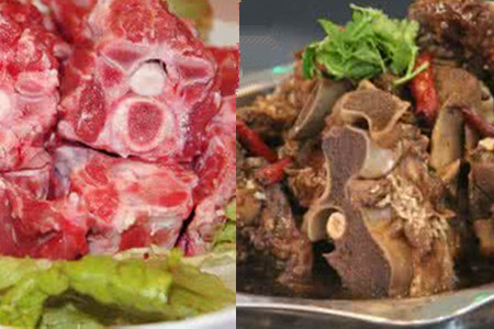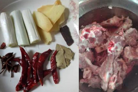 首先,准备的食材有新鲜的羊蝎子,调味的佐料有辣椒、八角、姜片、大葱、香叶。
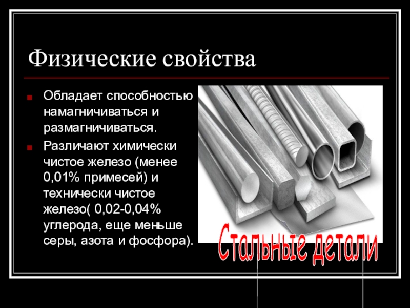примесей) и технически чистое железо( 0,02-0,04% углерода, еще меньше серы, азота и фосфора).
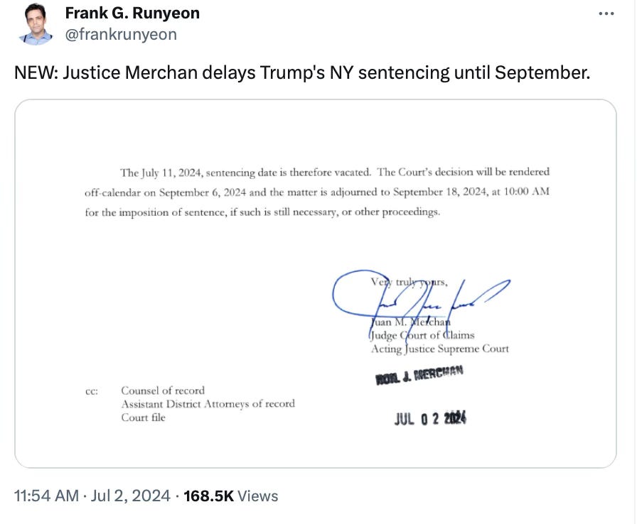 Judge Juan Merchan delayed former President Donald Trump’s sentencing to September.

TASK OBJECTIVE
Set the lines down exactly as they stand, from the one containing "примесей) и технически" through the end of the listing, omitting every picture.

SOLUTION TO THIS TASK
примесей) и технически чистое железо( 0,02-0,04% углерода, еще меньше серы, азота и фосфора).
 Judge Juan Merchan delayed former President Donald Trump’s sentencing to September.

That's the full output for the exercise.